* _What you are asked to do_:
When you copy from the entries that follow, take only the lines from the one with "Select a date" down to the one with "El auditorio fue", keeping both ends and dropping every picture.

* _Extracted information_:
• • • • •

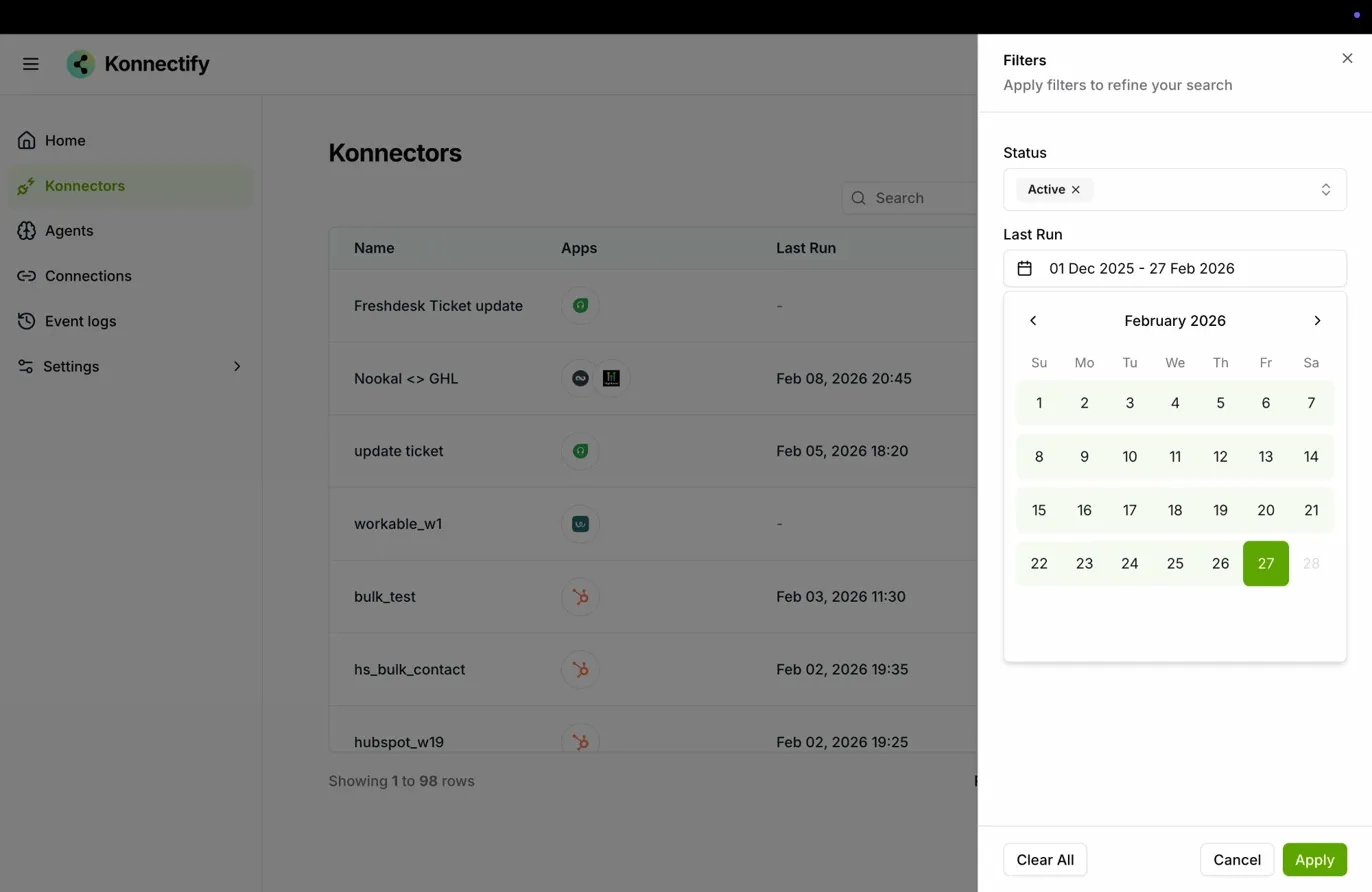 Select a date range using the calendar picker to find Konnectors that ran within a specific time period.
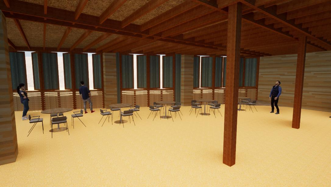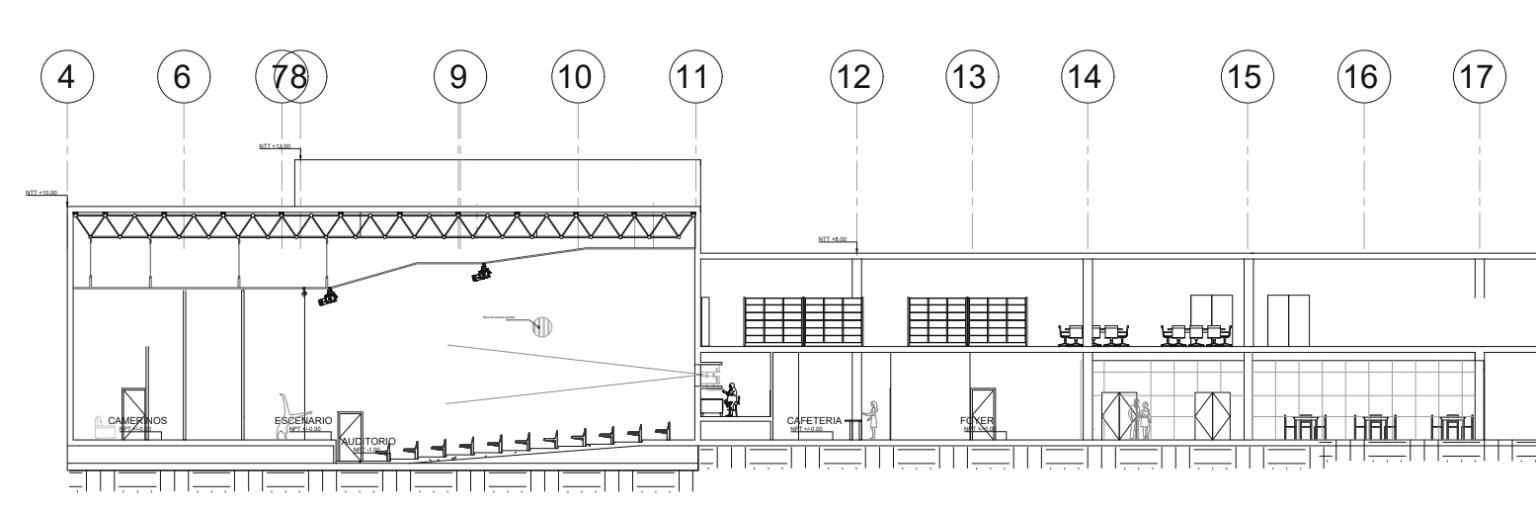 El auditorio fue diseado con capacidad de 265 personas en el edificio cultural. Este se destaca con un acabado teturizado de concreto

• • • • •

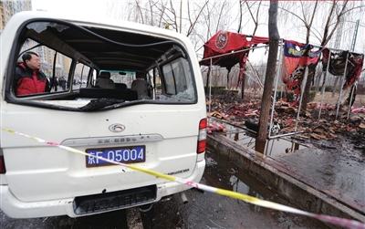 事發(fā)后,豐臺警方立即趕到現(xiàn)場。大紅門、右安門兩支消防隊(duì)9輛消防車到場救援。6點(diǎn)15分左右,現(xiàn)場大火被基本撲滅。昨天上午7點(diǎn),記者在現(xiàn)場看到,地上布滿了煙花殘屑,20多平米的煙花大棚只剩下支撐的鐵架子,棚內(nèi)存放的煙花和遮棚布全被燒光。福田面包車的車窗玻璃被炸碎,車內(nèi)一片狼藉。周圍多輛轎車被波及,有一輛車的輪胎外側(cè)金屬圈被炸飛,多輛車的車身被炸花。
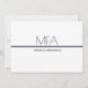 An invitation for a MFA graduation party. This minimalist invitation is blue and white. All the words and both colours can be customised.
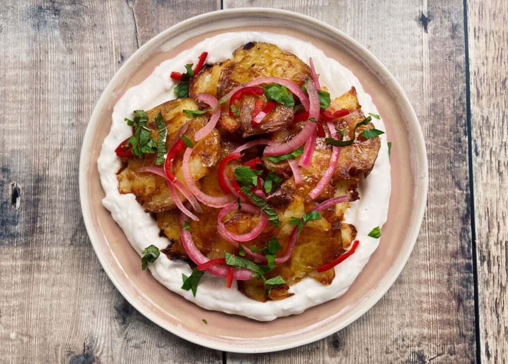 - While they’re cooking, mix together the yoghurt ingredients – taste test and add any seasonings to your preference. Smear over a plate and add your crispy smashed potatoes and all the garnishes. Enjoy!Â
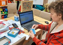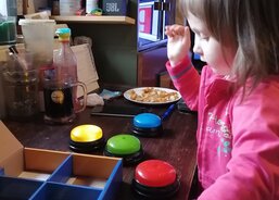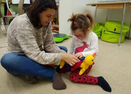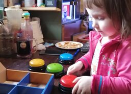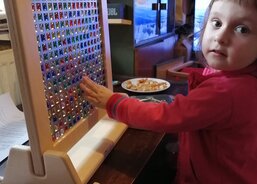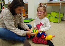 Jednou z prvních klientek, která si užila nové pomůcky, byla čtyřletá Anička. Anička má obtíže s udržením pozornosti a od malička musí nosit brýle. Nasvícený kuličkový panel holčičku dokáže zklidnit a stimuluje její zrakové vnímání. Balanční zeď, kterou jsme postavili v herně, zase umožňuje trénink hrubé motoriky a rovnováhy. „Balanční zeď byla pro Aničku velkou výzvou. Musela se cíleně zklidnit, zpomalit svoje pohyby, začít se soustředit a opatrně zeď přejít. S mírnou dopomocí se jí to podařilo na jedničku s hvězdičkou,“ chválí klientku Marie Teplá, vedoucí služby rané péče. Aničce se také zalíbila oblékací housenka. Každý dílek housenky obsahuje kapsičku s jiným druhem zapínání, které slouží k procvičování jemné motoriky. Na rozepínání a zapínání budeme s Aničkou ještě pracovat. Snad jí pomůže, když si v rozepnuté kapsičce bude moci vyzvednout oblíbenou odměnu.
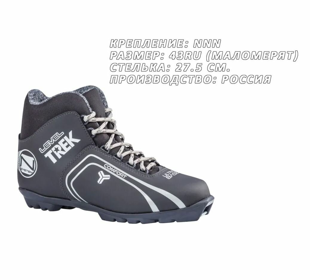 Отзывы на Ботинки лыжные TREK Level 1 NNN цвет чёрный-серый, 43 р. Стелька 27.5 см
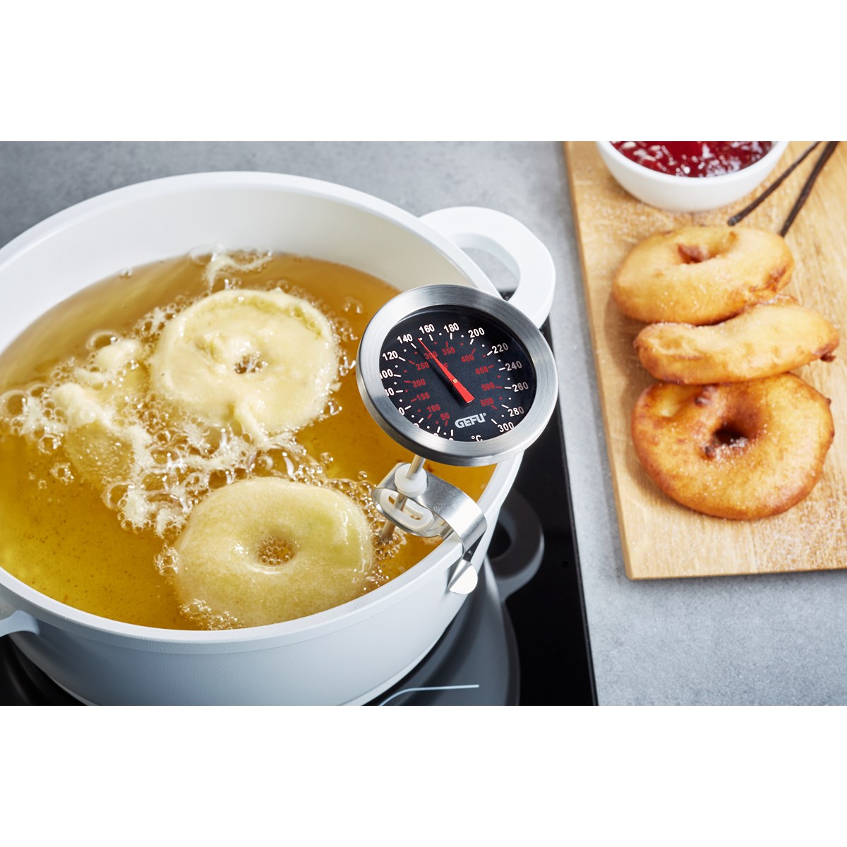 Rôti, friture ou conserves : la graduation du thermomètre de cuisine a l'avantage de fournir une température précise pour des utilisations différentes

• • • • •

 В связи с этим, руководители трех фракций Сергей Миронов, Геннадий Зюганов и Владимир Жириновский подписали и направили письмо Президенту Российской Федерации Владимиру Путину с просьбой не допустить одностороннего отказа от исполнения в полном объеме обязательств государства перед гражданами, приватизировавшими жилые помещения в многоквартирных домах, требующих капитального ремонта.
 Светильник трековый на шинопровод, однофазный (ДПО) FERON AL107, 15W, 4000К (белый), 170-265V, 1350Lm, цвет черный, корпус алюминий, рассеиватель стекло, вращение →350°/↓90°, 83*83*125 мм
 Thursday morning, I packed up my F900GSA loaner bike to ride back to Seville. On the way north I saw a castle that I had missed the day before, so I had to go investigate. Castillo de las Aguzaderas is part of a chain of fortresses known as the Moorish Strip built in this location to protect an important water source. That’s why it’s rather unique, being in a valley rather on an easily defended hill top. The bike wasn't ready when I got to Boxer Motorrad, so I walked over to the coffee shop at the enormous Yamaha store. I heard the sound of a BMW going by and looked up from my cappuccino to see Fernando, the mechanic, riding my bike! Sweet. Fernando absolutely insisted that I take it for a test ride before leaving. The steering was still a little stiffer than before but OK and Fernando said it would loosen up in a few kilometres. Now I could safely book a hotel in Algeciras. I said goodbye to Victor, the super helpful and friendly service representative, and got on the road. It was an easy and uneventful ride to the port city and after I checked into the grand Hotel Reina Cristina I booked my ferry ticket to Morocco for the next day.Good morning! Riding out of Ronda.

• • • • •

* _Your solution_:
 Select a date range using the calendar picker to find Konnectors that ran within a specific time period.
 El auditorio fue diseado con capacidad de 265 personas en el edificio cultural. Este se destaca con un acabado teturizado de concreto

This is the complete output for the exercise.